12. A non-transitory, computer-readable medium comprising a program code that, when the program code is executed on a processor, a computer, or a programmable hardware component, causes the processor, computer, or programmable hardware component to perform a method for a hypervisor to schedule a plurality of tasks from a primary VM and a sibling VM, the method comprising:

creating a sibling task requested by the sibling VM, wherein the sibling task comprises a hypervisor task ID created by the hypervisor;

communicating the hypervisor task ID to the primary VM;

obtaining a mapping of a broker task to the corresponding hypervisor task ID of the sibling task; and

executing a sibling task when notified by the primary VM, wherein the broker task triggers the running of the sibling task according to the mapping.

13. The computer-readable medium of claim 12, wherein the sibling task is a virtual thread of the sibling VM.

14. The computer-readable medium of claim 12, further comprising providing timing information to the primary VM.

15. The computer-readable medium of claim 14, wherein the timing information on the sibling task comprises a nice value of the broker task and queue information of a hypervisor scheduler.

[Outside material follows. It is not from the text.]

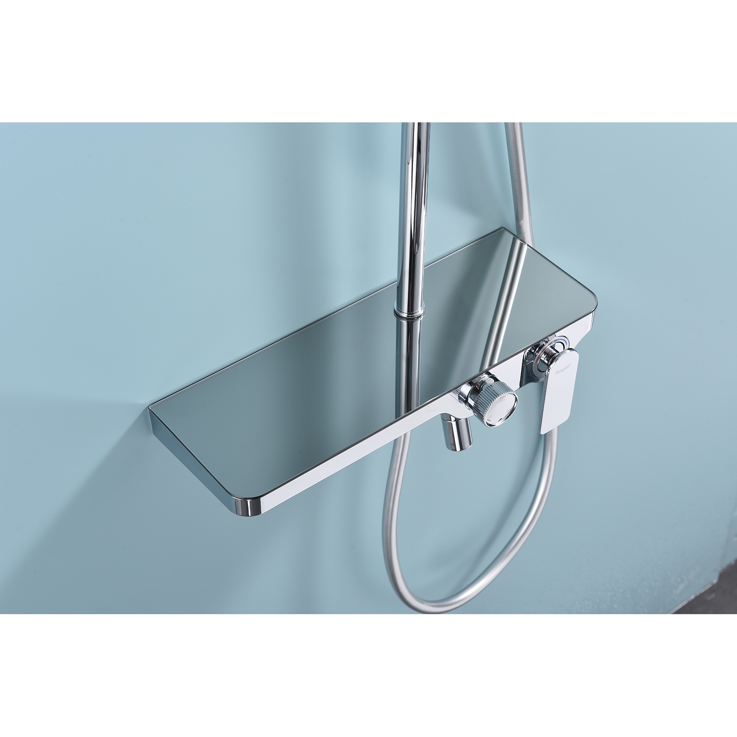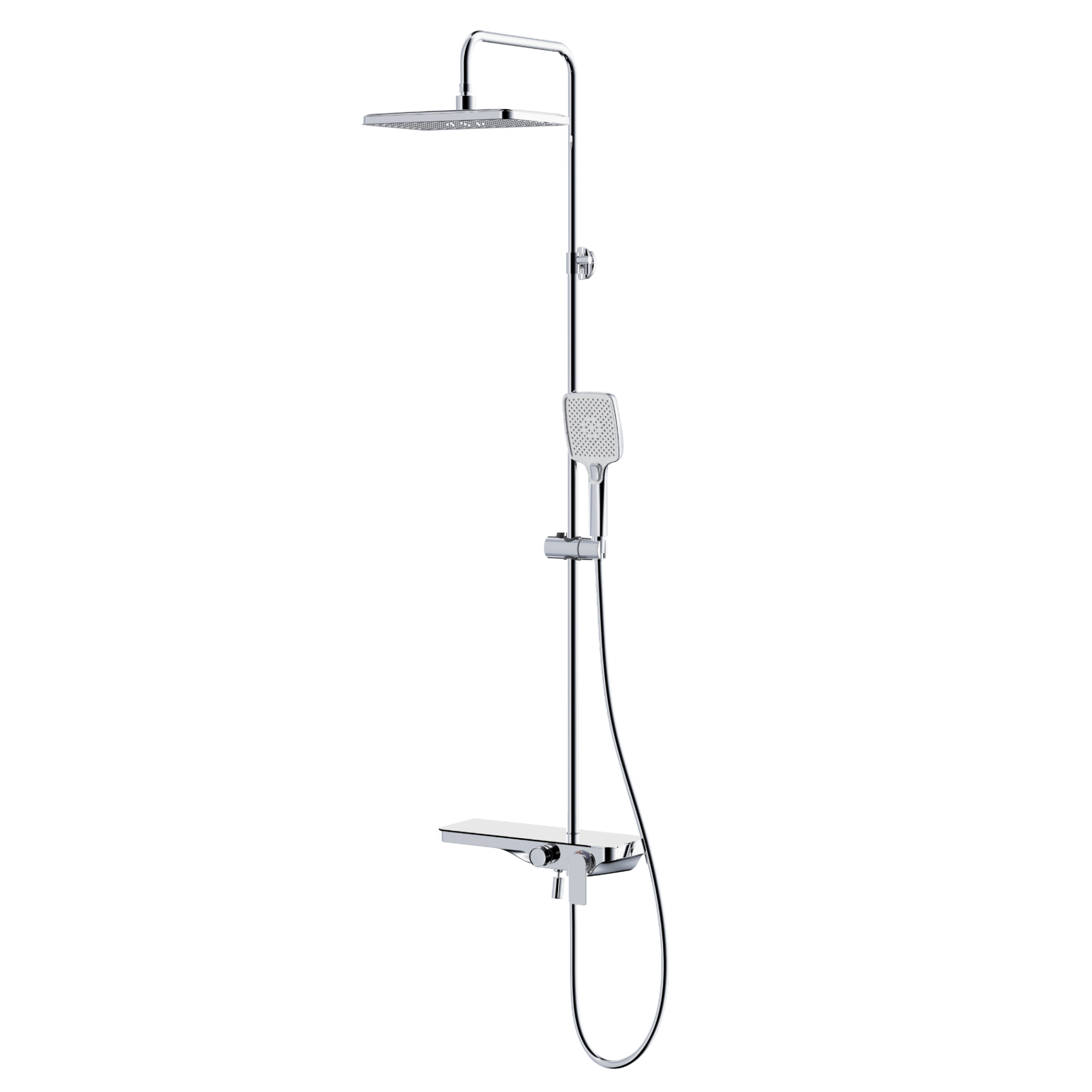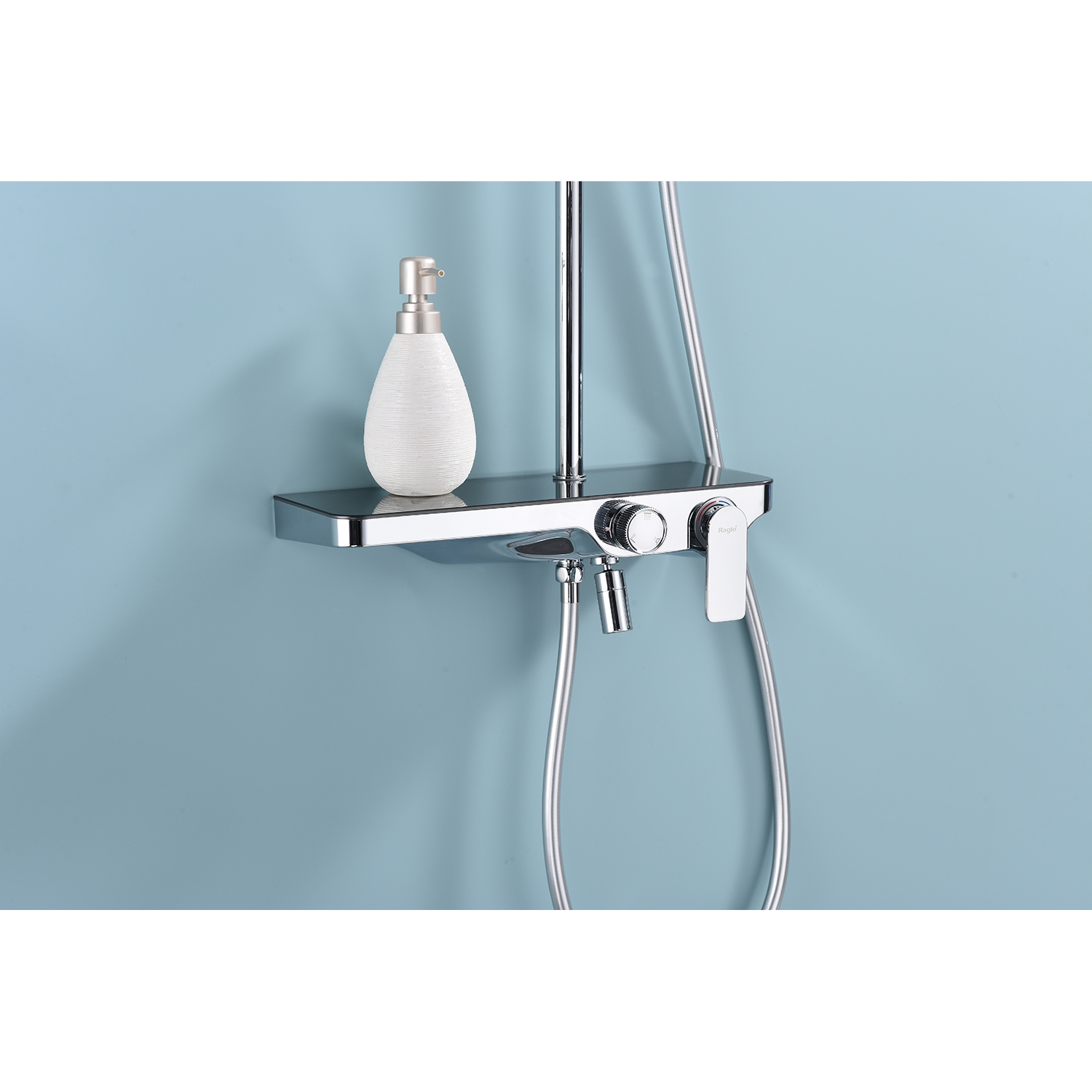 Душевая система Raglo R60.24. Цвет: хром. Материал: латунь. Управление: однорычажное. Механизм: керамический картридж. Скрытый излив с аэратором. Полка из стекла. Регулируемая по высоте душевая штанга: 1100-1530 мм. Форма верхнего душа: прямоугольная. Размер верхнего душа (ШхД): 300х200 мм. Регулируемый по высоте держатель ручного душа. Количество режимов струи ручного душа: 3. Переключение режимов ручного душа: кнопочное. Отверстия для монтажа: 3. Стандарт подводки: G 1/2. Монтаж: на стену.
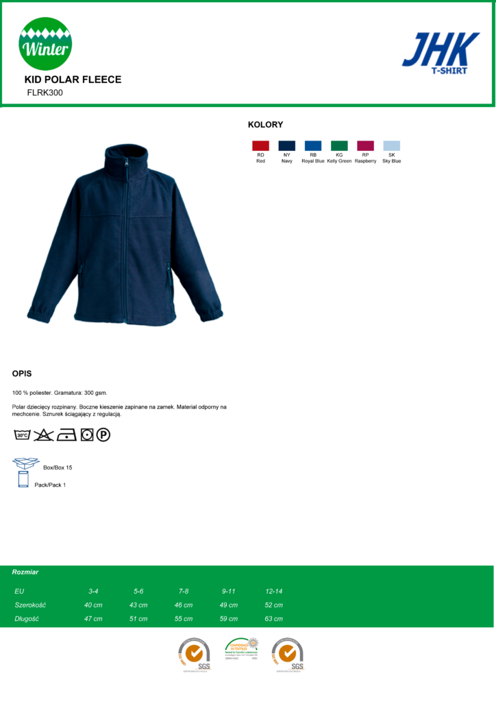 Kieszenie również zapinane na suwak.Mikro polar z wykończeniem antypilingowym. Sznurek ściągający z regulacją. 100% poliester.Gramatura: 300 gr.Rozmiary: 3-4 / 5-6 / 7-8 / 9-11 / 12-14

16. The computer-readable medium of claim 14, further comprising receiving a predictive time slice for the broker task based on the timing information, wherein the broker task triggers the running of the sibling task according to the predictive time slice.

17. The computer-readable medium of claim 12, further comprising providing a cumulative run time of the sibling task to the primary VM.

18. The computer-readable medium of claim 12, wherein the primary VM both receives the hypervisor ID and provides the mapping via the set of virtual registers.

19. A non-transitory, computer-readable medium comprising a program code that, when the program code is executed on a processor, a computer, or a programmable hardware component, causes the processor, computer, or programmable hardware component to perform a method for a primary virtual machine (VM) to schedule a task from a sibling VM on a hypervisor, the method comprising:

creating, at the hypervisor, a sibling task requested by the sibling VM, wherein the sibling task comprises a hypervisor task ID created by the hypervisor;

communicating, from the hypervisor to the primary VM, a hypervisor task identification (ID) for the sibling task;

creating, at the primary VM, a broker task based on the hypervisor ID, wherein the broker task comprises a broker task ID and wherein the broker task corresponds to the sibling task;

creating at the primary VM, a mapping of the broker task to with the corresponding hypervisor task ID of the sibling task;

executing the broker task at the primary VM; and

executing the sibling task at the hypervisor when notified by the primary VM;

wherein the sibling task's execution at the hypervisor is triggered by the broker task according to the mapping.

20. A system comprising the processor and the non-transitory, computer-readable medium of claim 19, wherein the primary VM administrates the system, allocates resources of the system, and creates and destroys the sibling VM.